Extrême droite et élections en Angleterre L’extrême droite a une place limitée dans le jeu électoral en Angleterre. Le système électoral majoritaire pour les élections au Parlement, constitué de la Chambre des communes et de la Chambre des lords, défavorise les petits partis. Dans les années 1970, le National Front, parti néonazi et suprémaciste blanc, fait une petite percée, obtenant autour de 200 000 voix, mais aucun siège. En 1976, John Tyndall quitte la formation pour fonder le British National Party [Parti national Britannique, ou BNP], qui défend le suprématisme blanc et une Grande-Bretagne chrétienne. Dans les années 2000, il modère son image radicale grâce à son leader Nick Griffin et en 2009, le BNP remporte deux sièges au Parlement européen, avant de progressivement perdre de l’influence.

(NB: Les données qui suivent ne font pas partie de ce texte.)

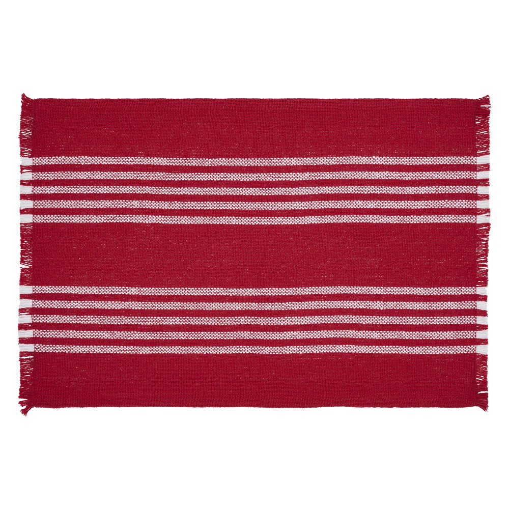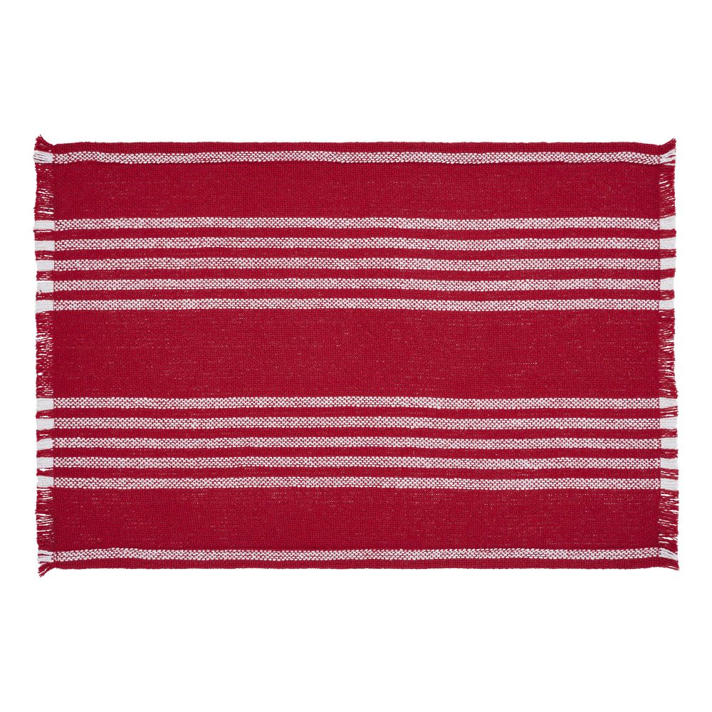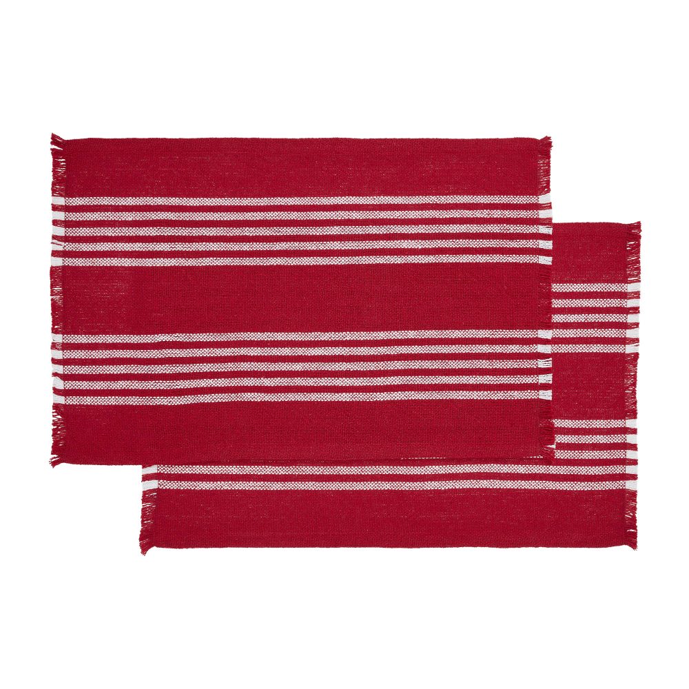 Create a bright and cozy tabletop with the Arendal Red Stripe Placemat Set. The holiday placemat set includes a set of two 13x19 placemats in bold red and soft white for a relaxed Christmas tabletop. The bold red base features two sets of five white horizontal stripes that are perfect for creating a soft, Scandinavian Christmas feel. Soft fringed edging adds an extra pop of texture to complete the look. Coordinates with the Arendal Collection by VHC for simple, classic Christmas style for the home.

C’est dans les années 2010 que s’opère un véritable virage : l’UK Independence Party [Parti pour l’indépendance du Royaume-Uni, ou UKIP] de Nigel Farage axe son programme sur la sortie du Royaume-Uni de l’Union européenne, tout en adoptant des positions anti-immigration. Le succès de l’UKIP culmine lors des élections européennes de 2014, où il arrive en tête avec 27,5 % des voix. En 2019, une scission de l’UKIP, le parti Reform UK, anciennement Brexit Party [Parti du Brexit] emmené par Nigel Farage fait une percée aux élections européennes et obtient 30,5 % des voix. Lors des législatives de juillet 2024, le parti obtient 14 % des voix et cinq députés à la Chambre des communes. La droite reste dominée par le parti Conservateur, qui a occupé le pouvoir ces quinze dernières années avant que le parti Travailliste, principal parti de gauche, lui chipe le pouvoir le 4 juillet dernier.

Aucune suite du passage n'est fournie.